Come ovviare a questa perdita terribile di così grande bellezza? Riproducendo nel modo scientificamente più preciso l’opera stessa, servendosi di tutto il materiale a disposizione e ricostruendo con mezzi tecnologici all’avanguardia e personale altamente specializzato quanto di più prossimo si possa ottenere rispetto al capolavoro originale. Un’operazione ardita che può in controluce rivelare dei suoi lati inquietanti facilmente intuibili ma proprio per questo ancora più affascinante. Ecco che nasce Il mistero dei capolavori perduti, sette documentari chiamati a raccontare la storia di artisti alle prese con altrettante opere e altrettante sparizioni. Si tratta, dopo l’Operazione Caravaggio, di una nuova produzione internazionale di Sky Arts Production Hub che punta a una distribuzione internazionale in contemporanea, Italia, Regno Unito, Irlanda, Germania e Austria per una platea potenziale di 21 milioni di famiglie abbonate. Prodotta da Giovanni Troilo e co-prodotta da Ballandi Arts, la serie andrà in onda dal 5 aprile in prima serata su Sky Arte Hd.
Eppure ancor più affascinante delle opere e ancora più misterioso della loro sparizione è il lavoro all’interno della Factum Arte fondata e condotta con piglio energico da Adam Lowe e che ha sede a Madrid, in una sorta di periferia industriale dove sembra di entrare nel mondo dei balocchi famosi. Una Disneyland tecnologica che ri-materializza (guai a parlare di copie) come fosse un Avatar qualsiasi pensiero d’artista, che esso sia un dipinto, una scultura, bassorilievo, calco, gesso e altro ancora.
Una sessione si occupa dell’antico che non c’è più in originale, un’altra, ben più misteriosa, s’incarica di realizzare le opere pensate da giovani artisti e di restituirle loro così come l’hanno immaginate. Un parco giochi per talenti in vita e un sacrario per gli altri non più tra di noi.
Ma che valore hanno queste riproduzioni d’autore? «Il valore di una messa in scena – rispondono i responsabili accreditando la tesi della Disneyland degli artisti – quella di mostrare un’opera che altrimenti si vedrebbe solo in fotografia e dando la possibilità agli artisti di esprimersi. Nelle fasi iniziali abbiamo lavorato sui dipinti per poi avviare un dialogo in grado di fondere passato con presente, così da comprendere meglio il percorso dell’artista.

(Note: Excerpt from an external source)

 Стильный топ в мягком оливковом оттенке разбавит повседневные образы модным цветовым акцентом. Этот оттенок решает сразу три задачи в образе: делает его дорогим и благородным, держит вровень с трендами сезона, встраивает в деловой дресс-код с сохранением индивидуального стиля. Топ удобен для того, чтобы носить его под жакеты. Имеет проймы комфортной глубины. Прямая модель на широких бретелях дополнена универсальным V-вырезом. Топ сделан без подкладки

Purtroppo sentiamo attorno a noi molta resistenza e molto pregiudizio. Il problema è che si analizza l’arte attraverso il pregiudizio concentrandosi solo sull’originalità. L’opera d’arte è un processo cangiante, nel tempo cambia la pigmentazione per assumere nel suo complesso altre caratteristiche. Qual è allora quella vera? E chissà che cosa penserebbero i grandi Michelangelo o Caravaggio, se vedessero i loro capolavori esposti lì dove non li hanno pensati e con luci diverse?».

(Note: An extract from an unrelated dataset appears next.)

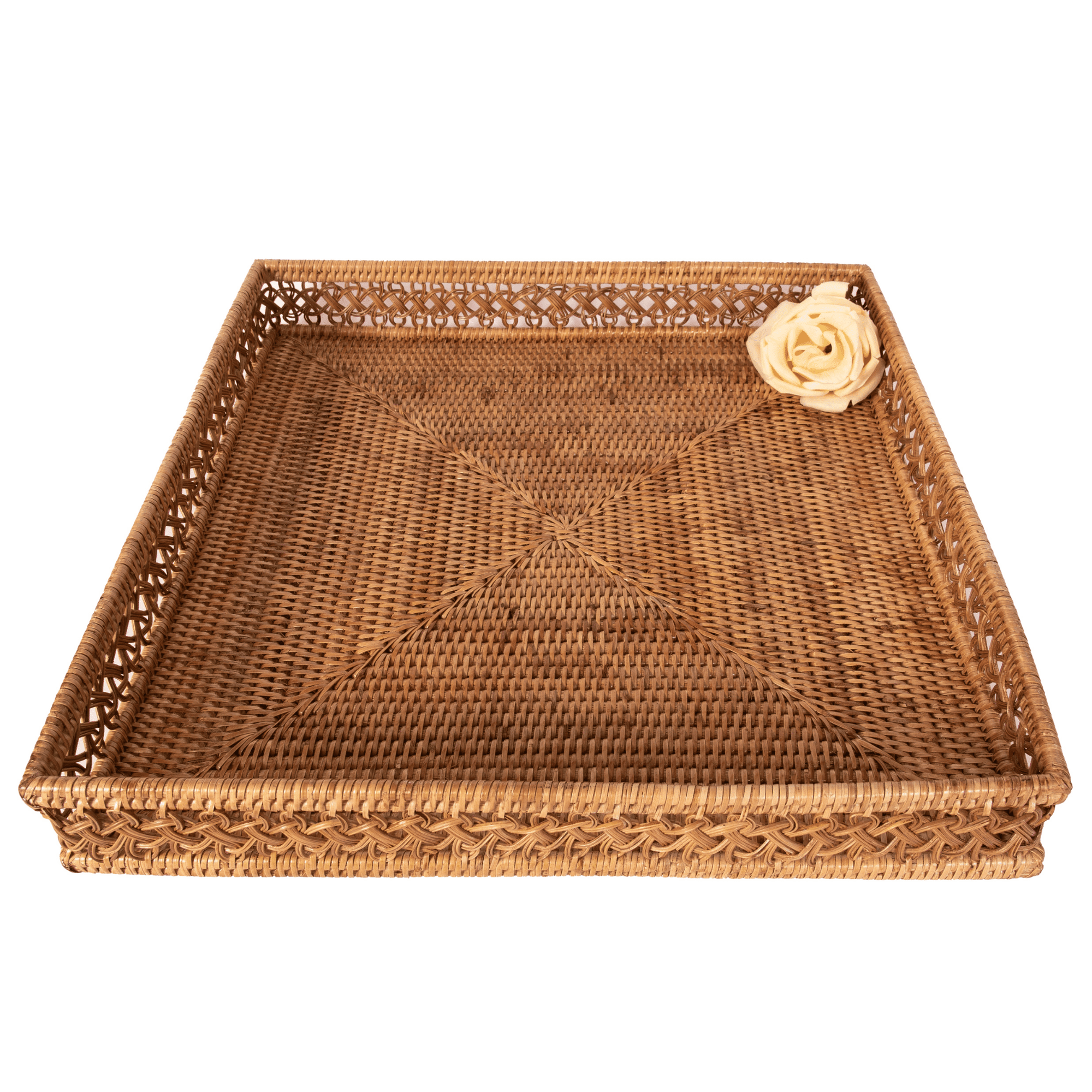 Step into sophistication with our Rattan Square Tray, which features the captivating SECA braided weaving a synthesis of artistic brilliance. This collection, made from ethically sourced Burmese rattan, exemplifies one-of-a-kind design and craftsmanship. Each tray, available in the timeless shades of Honey Brown, Tudor Black, or White Wash, bears our brand trademark of exceptional quality.

Il quesito è: bellezza o fedeltà? Un interrogativo filosofico che Roberto Pisoni, direttore di Sky Arte ha risolto salomonicamente mostrando il tratto ricostruito e il tratto non rieditato: «L’idea è di non fermarci solo al racconto ma attraverso la ri-materializzazione accedere all’approfondimento che nei documentari tradizionali non puoi avere. Ma sia chiaro, nessun fraintendimento, il nostro è il lavoro di archeologia, la messa in scena di un fantasma per approssimazione sfruttando la tecnologia. E in un anno e mezzo di lavoro ci siamo riusciti benissimo».